- TASK TO COMPLETE
Write out exactly every line from the one containing "I dati della" through the final line of the material below, both included. Pictures are to be skipped.

═════ EXCERPTED DATA

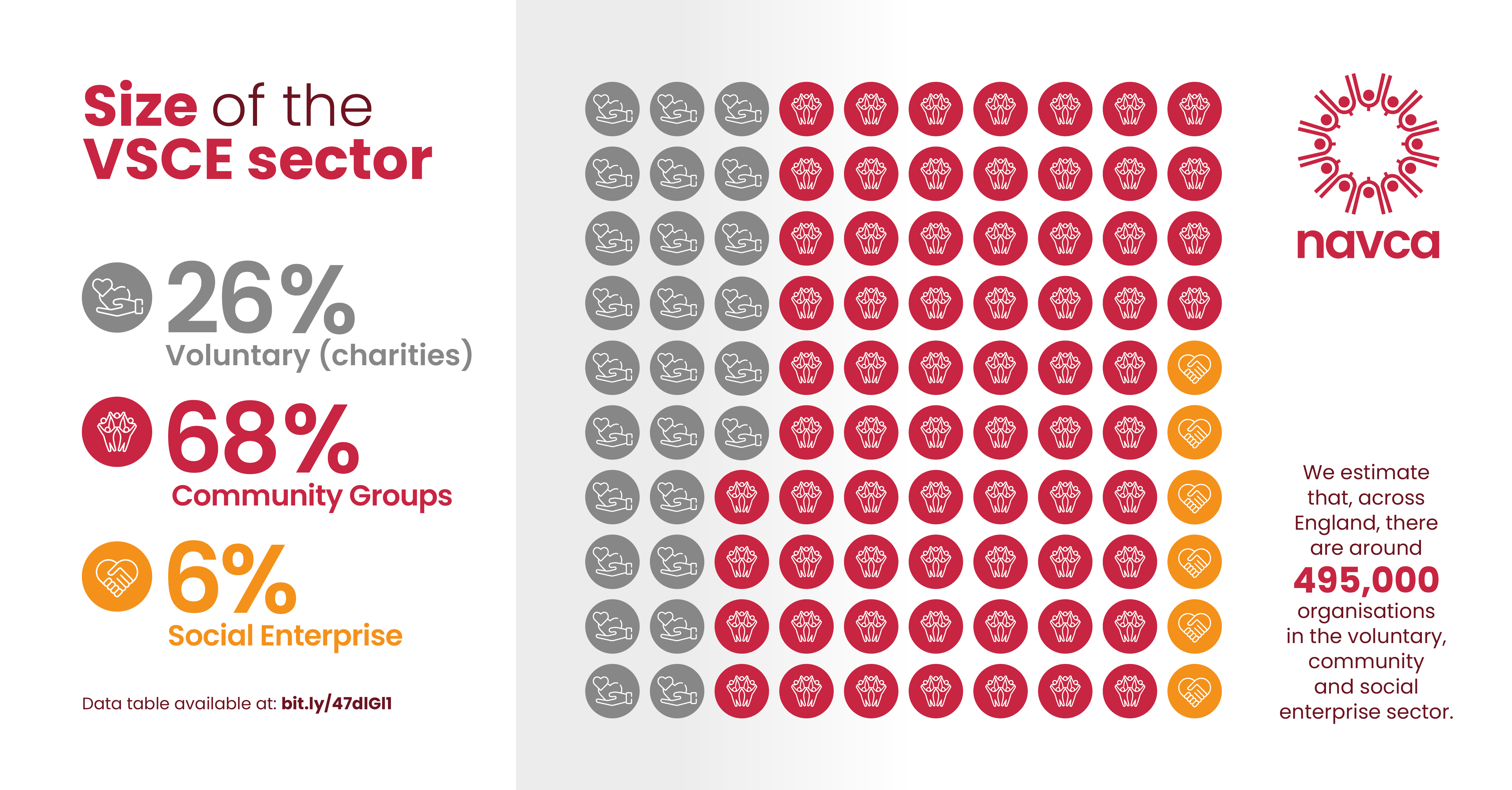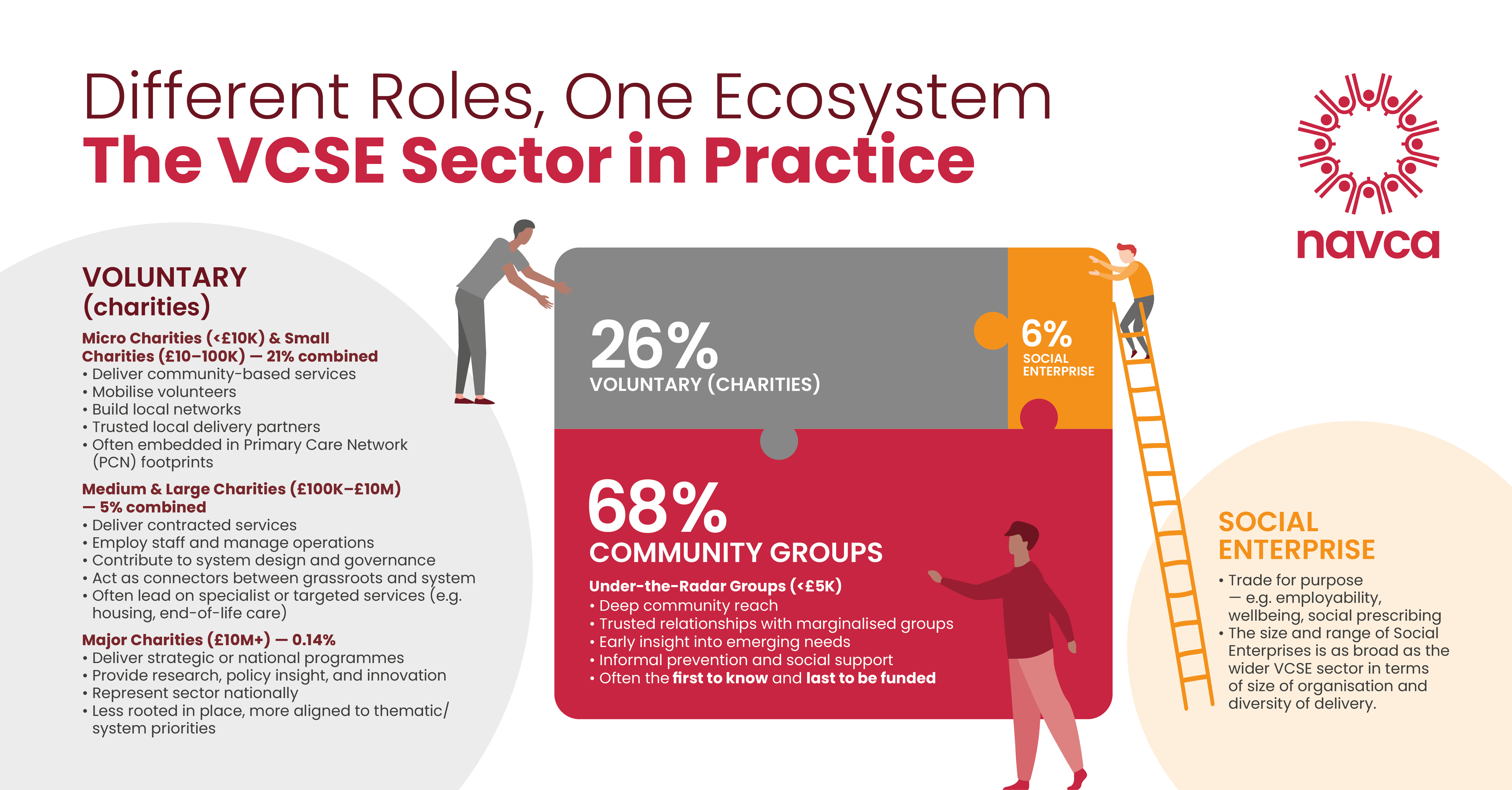 We know it’s not always easy to explain what each part of the VCSE sector is, the scale of its work, or how essential it is to the wider systems we live and work in. That’s why we’ve created a new set of infographics for NAVCA members to share with local stakeholders, such as health systems and local authorities. These explain the makeup of the VCSE sector, highlighting each category and its proportion within the whole.
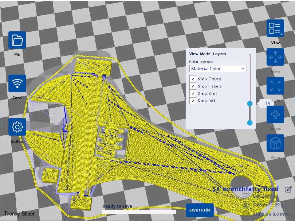 TRONXY XY-2 Pro付属のスライスツールでスライスすると、スライス結果が見えます。スライダを動かすと表示層がCT画像のように変わっていき面白い。
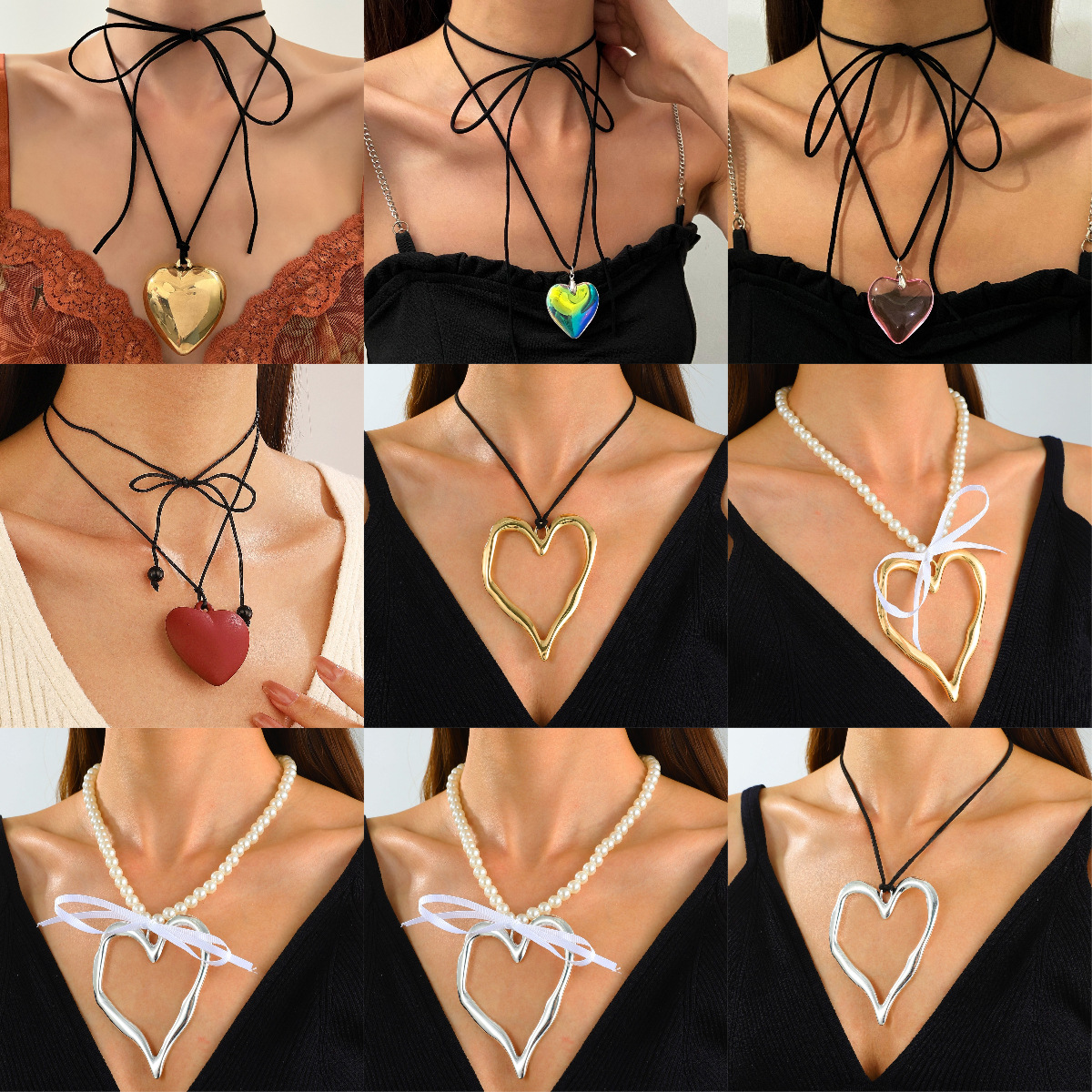 欧米の国境を越えて誇張しているギャルの金属の愛のネックレスはシンプルで調節可能なベルベットのワックスの線のnecklaceアクセサリーです。
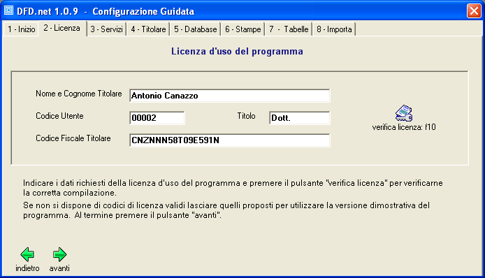 I dati della licenza d'uso del programma sono forniti unitamente al CD di installazione. Se si dispone solo di una versione dimostrativa del programma lasciare i dati "demo" proposti in automatico dal programma e mostrati qui sopra in figura.
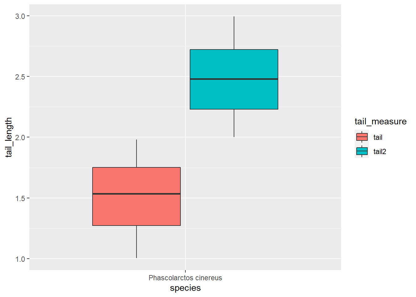 ggplot(koala_pivot, aes(x=species, y=tail_length, fill = tail_measure)) +

══════════

- RESPONSE AREA
 I dati della licenza d'uso del programma sono forniti unitamente al CD di installazione. Se si dispone solo di una versione dimostrativa del programma lasciare i dati "demo" proposti in automatico dal programma e mostrati qui sopra in figura.
 ggplot(koala_pivot, aes(x=species, y=tail_length, fill = tail_measure)) +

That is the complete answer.